And then I demand to have a dry ass at the end of the endeavor

Totally overrated, but enough proselytizing I will stop now :)
posted by Meatbomb at 1:46 PM on November 21, 2015


Is this phrase simply wrong, or is it really, really wrong? From a moral and humanistic perspective.

i support this kinkshaming of buttsicle enthusiasts
posted by poffin boffin at 1:51 PM on November 21, 2015 [1 favorite]
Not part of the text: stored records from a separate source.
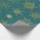 Élégant Cyan Turquoise Gold Snowflakes Motif Wrapping Papier.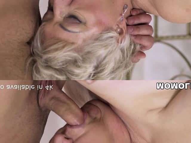 Blonde grandma has her pussy licked and drilled balls deep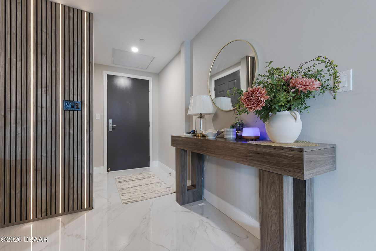 Welcome to a one-of-a-kind coastal retreat at the iconic Marina Grande Condominium"a fully reimagined, luxury first-floor riverfront condo offering the perfect blend of sophisticated design, effortless living, and resort-style amenities.This 2-bedroom, 2-bath residence has undergone a total high-end remodel, with walls thoughtfully removed to create an expansive, light-filled layout that lives far larger than expected. Freshly painted throughout in soft, neutral tones"including new accent paint on all doors"the home feels modern, calm, and timeless. New designer lighting elevates every space with warmth and elegance.Living areas feature striking 32'' white porcelain tile laid on the diagonal. Both bedrooms offer warm, durable LVP flooring. A stunning custom fluted feature wall in the dining area with integrated lighting, seamlessly carried into the kitchen bar area and living room TV wall, creates a cohesive designer aesthetic throughout. The kitchen has been completely redesigned and expanded with the removal of two walls and relocation of the laundry area. The result is a large, open chef's dream kitchen featuring newly installed top-of-the-line modern cabinetry, including glass front cabinets with modern interior vertical lighting, quartz countertops with waterfall edges, that extend up the backsplash walls, dedicated coffee bar, all new high end stainless steel appliances and a sleek modern range hood. Your living room is a true showstopper with a custom feature wall designed to accommodate an oversized 98 inch TV, floating illuminated shelves, and a built-in electric fireplace perfect for relaxing or entertaining. The guest bedroom closet has been enlarged and reconfigured to house a top-of-the-line LG Slimline stackable washer and dryer (largest capacity in its class easily fits king-size comforters). Finished with stylish opaque louvered barn doors. The guest bathroom has been fully renovated with a floating vanity, integrated lighted mirror, large white-tiled shower, modern porcelain tile flooring, and a new smart toilet. The spa-like primary bathroom is exceptionally spacious and elegant, featuring double vanities, an extra-large walk-in shower, and a luxurious soaking tub-your private sanctuary. The primary bedroom is spacious, accommodating a king size bed, and very large furniture as well. Your bedroom also has sliding glass doors that lead directly out to your patio area.First-Floor Advantages: Enjoy the ultimate convenience of first-floor living: no elevators, effortless grocery unloading, and direct access to outdoor amenities. Dog owners will love the ease of stepping directly from the patio or front door. The unit also includes one of the most coveted first-floor parking spaces, located just steps away.Your resort style amenities include two waterfront pools, fitness center, yoga and dance studios, movie theater, outdoor and indoor areas for social activities, library and game room, 24/7 gated security and concierge service. There are also potential plans for a private marina for the boating enthusiast. This condo home has it all. Everything has been done for you in this move in ready luxurious residence.

My parents have one and my dad is pretty evangelical about it. I do like the heated seat - it's surprising in an awkward way the first few times you use it but once you've grown to expect it, you'll miss it when it's gone. But otherwise it's just not my thing.
posted by town of cats at 2:01 PM on November 21, 2015


💩 💦 💨 😍
posted by Johnny Wallflower at 2:05 PM on November 21, 2015 [15 favorites]


Wet sharts are not my idea of love, but y'know, different strokes for different folks..
posted by wierdo at 2:10 PM on November 21, 2015


“It takes me three years to train a good sales consultant to convey the proper message and value to our clients,” Mr. Friedman said.
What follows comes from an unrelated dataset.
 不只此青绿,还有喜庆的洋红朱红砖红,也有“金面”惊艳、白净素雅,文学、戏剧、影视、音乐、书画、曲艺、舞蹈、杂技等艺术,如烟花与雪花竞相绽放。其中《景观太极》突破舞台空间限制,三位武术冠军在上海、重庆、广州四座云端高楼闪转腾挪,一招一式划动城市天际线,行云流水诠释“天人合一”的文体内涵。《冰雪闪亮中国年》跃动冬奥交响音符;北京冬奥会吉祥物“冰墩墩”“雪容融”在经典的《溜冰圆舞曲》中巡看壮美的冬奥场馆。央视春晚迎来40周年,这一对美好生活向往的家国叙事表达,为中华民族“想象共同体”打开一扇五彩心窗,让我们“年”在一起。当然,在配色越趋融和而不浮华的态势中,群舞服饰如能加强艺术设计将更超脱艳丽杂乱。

They had a Toto proudly sitting in the middle of Yaohan Plaza, a Japanese grocery store in the suburbs of Chicago, when it first opened back in the early 90s. I'm not sure what message and value it was conveying.
posted by lagomorphius at 2:11 PM on November 21, 2015 [1 favorite]


Everything about Japanese bathrooms is done better. Toilet in a separate room. Instant water heater. Shower with a wood bench and wood shelf to hold all your stuff. Separate tub deep enough to soak in up to your neck (with a reheater). Some of the toilets use the water that you use washing your hands to fill the tank for the next flush.
posted by Bee'sWing at 2:31 PM on November 21, 2015 [17 favorites]


Do like Howard Stern says he does: move your toilet closer to your sink so that you can use toilet paper with warm water from the tap. It's the 21st century peasant's washlet.

I was coming in here to share my secret technique but I guess Howard is way ahead of me. Best of both worlds as I see it.
posted by atoxyl at 2:32 PM on November 21, 2015 [2 favorites]


Japanese bathrooms are better. When my Dad was stationed in Okinawa in the 80s, we lived off-base before our base housing came through, and the bathroom had a drain in the middle of the floor. We kids could splash as much as we wanted! Not sure why the wet bath is not as popular here in the US.
posted by ThePinkSuperhero at 2:40 PM on November 21, 2015 [7 favorites]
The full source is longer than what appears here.